The Significance of Data Cleansing in Big Data

Data cleansing has played a significant role in the history of data management as well as data analytics and it is still developing rapidly. Furthermore, data cleansing in big data is considered to be a challenge due to its already high and increasing volume, variety and velocity of data in several applications.
Since real life data is dirty, it gets costly and, therefore, the significance of data quality management in business is highlighted. Data cleansing or scrubbing or appending is the procedure of correcting or removing inaccurate and corrupt data. This process is crucial and emphasized because wrong data can drive a business to wrong decisions, conclusions, and poor analysis, especially if the huge quantities of big data are into the picture. There are businesses who have lost a huge amount of money due to the big bad data.
It is needless to say that big data is a common feature, both in small as well as big businesses. However, the greater potential of big data is rather elusive. The truth is that data cannot always be used as it is and needs preparation in a way so that it can be used. Also, data cleaning or cleansing manually gets very slow, tedious and difficult.
The problem, however, does not necessarily lie with the tool but with the data as there is a lot of information going around. Though it may not seem like such a bad thing the problem arises when there are no filters for the raw data that the businesses receive. Even if custom solutions are provided, there is very little for them to do as there is little-refined information that is useful present in the noise. This is why data cleansing is important and its importance will become more dominant in the coming years.

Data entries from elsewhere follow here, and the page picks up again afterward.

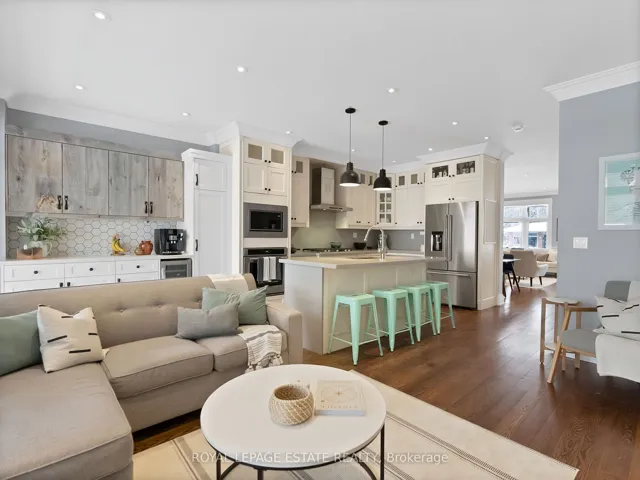 This impeccably renovated 4-bedroom, 5-bathroom family home is an entertainer’s dream, set on a gorgeous tree-lined street and ideally located near top-rated schools, parks, cafes, gyms, and transit, and finished top to bottom with high-end craftsmanship. Featuring two floors of custom-finished hardwood, high ceilings, wainscoting, and plaster crown moulding, the home offers a chef’s kitchen with Caesarstone countertops and backsplash, newer fridge, dishwasher, and microwave, and a walk-out from the family room to a composite deck with lifetime warranty. The thoughtful layout includes second-floor laundry, two skylights, one fireplace with a second roughed-in in the basement, and custom built-ins in the primary bedroom and ensuite, guest bedroom, and living area. Recent upgrades include a renovated primary bathroom (2023), renovated main-floor powder room, new washer and dryer (2024), new AC unit (2024), making this move-in-ready home the perfect blend of luxury, comfort, and family living.
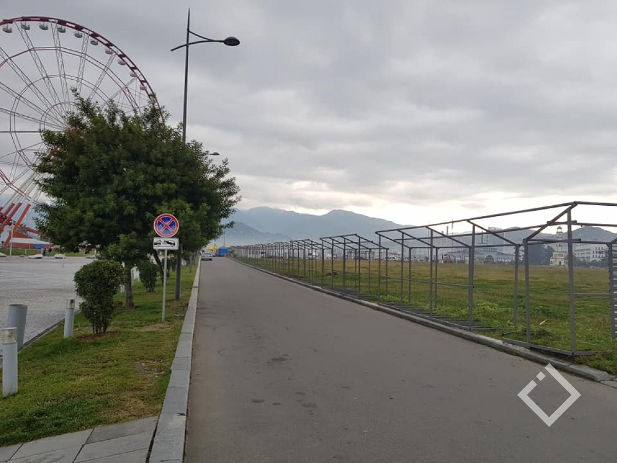 ბათუმის რივიერაზე, სადაც 5 ცათამბჯენის მშენებლობა იგეგმება ტერიტორია შემოიღობა. რკინის კონსტრუქციები და ღობე სანაპიროს მხრიდან, ეშმაკის ბორბლის მიმართულებით, ნაწილობრივ არის გაკეთებული.
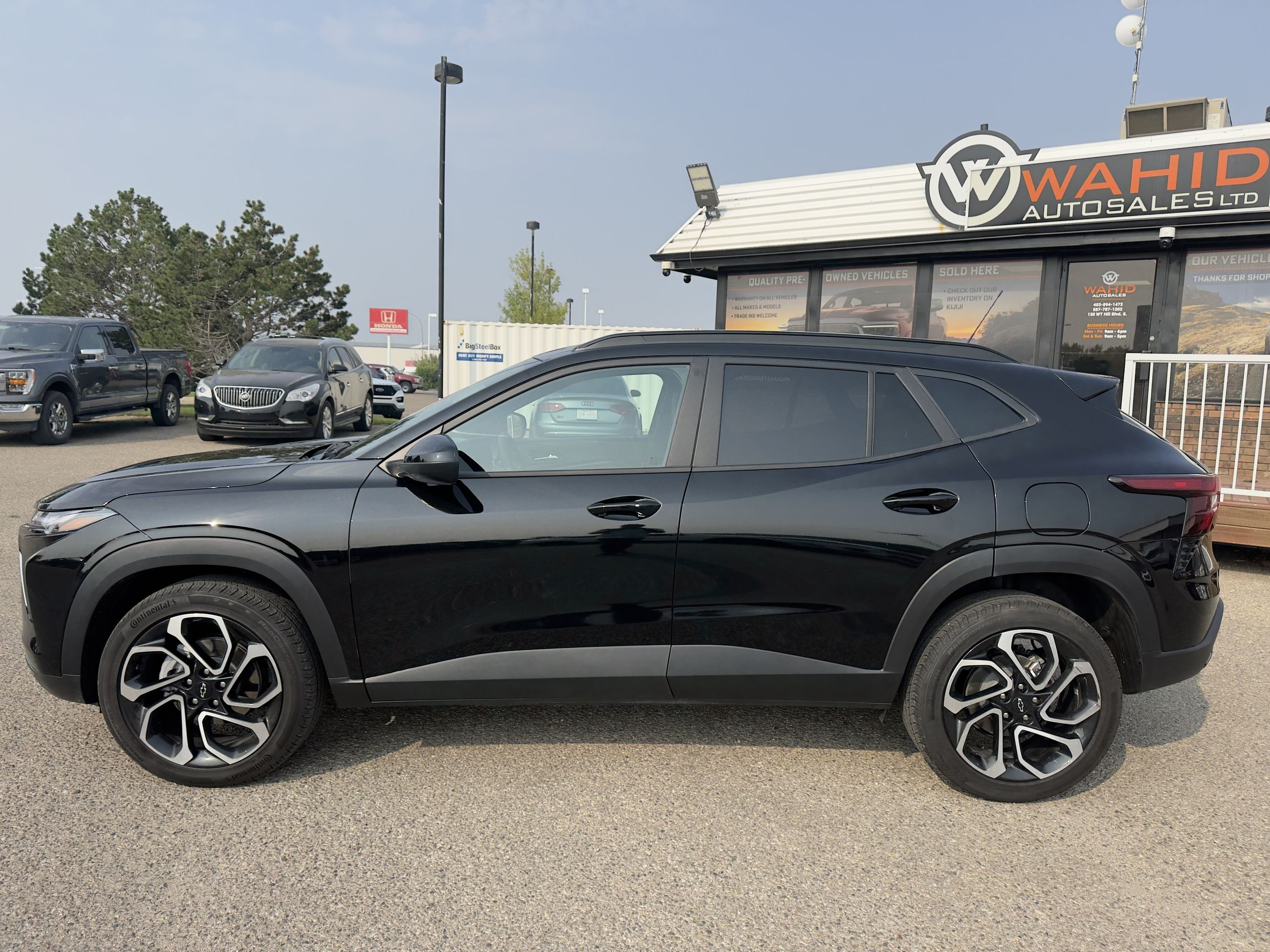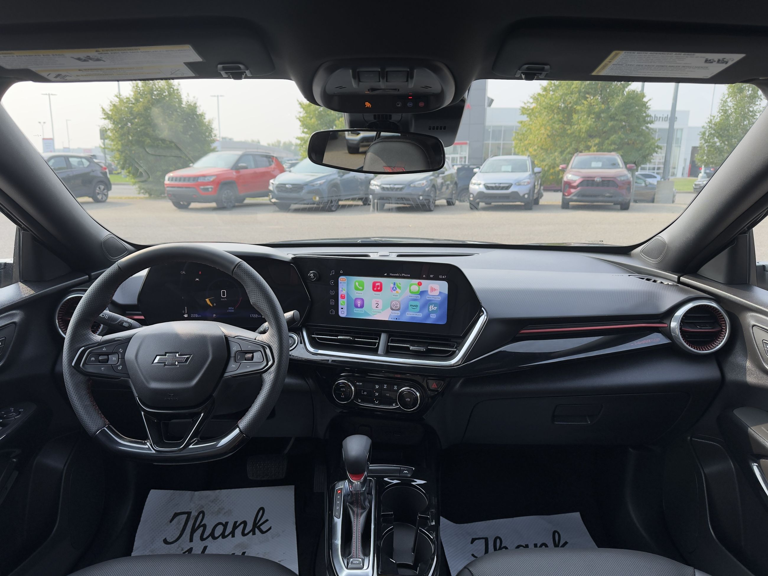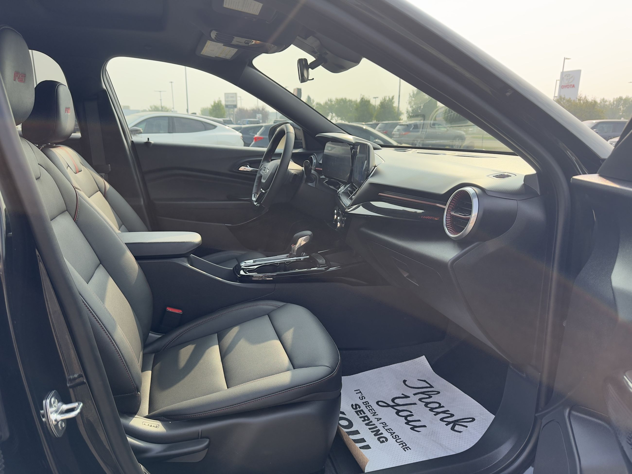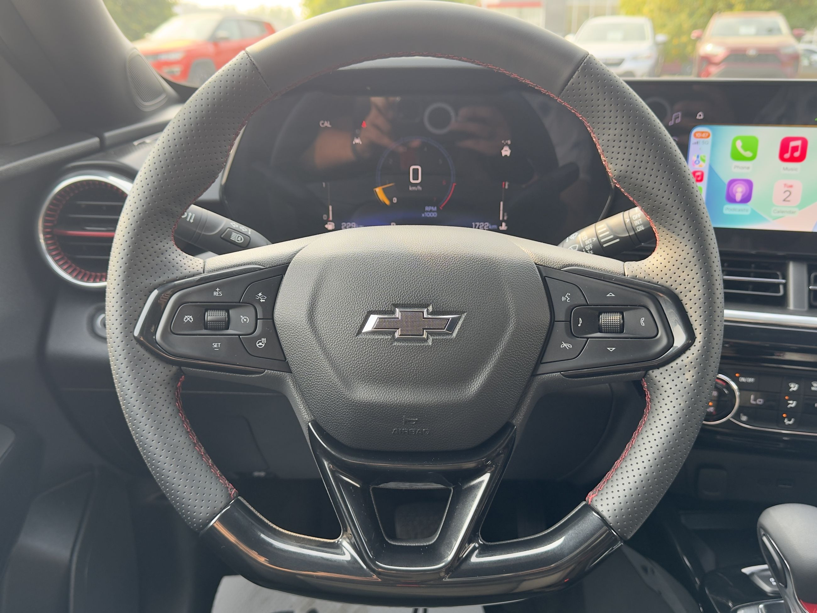 The vehicle you see before you is a 2025 Chevrolet Trax 2RS. This vehicle is powered by a 1.2L 3-cylinder engine paired with an automatic transmission and has 1,722km on the odometer.
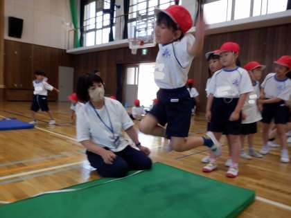 今日の体育は,体力テストの立ち幅跳びをしました。両足そろえてジャンプするのは少し難しかったけれど,腕もふって上手に飛ぶことができました。
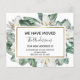 A Palma Tropical de Orçamento Deixa Aquarela Floral Moderna e Elegante Faux Rosa Gold Foil Geométrica Primavera Nós Movemos Novas Casas ou Novos Cartões - inclui uma bela e elegante tipografia de script com flores botânicas modernas e flores e verde para a celebração especial de Nova Casa ou Novo Endereço.

Data cleansing is the procedure that filters out irrelevant data. Irrelevant data usually includes duplicate records, missing or incorrect information and poorly formatted data sets. A business can expand this option furthermore by eliminating the data records that are not really necessary for certain business processes. While what gets filtered out depends on the discretion of the business, some basic points like outdated data or details that are not verified can be removed.
Though the data cleansing process takes a good chunk of your time as well as resources to complete, it undermines some potential of receiving major insights from the big data.
Inaccurate data analytics result into misguided decision making which can expose the industry to compliance issues since many decisions are subject to requirements in order to make sure that their data is accurate and current.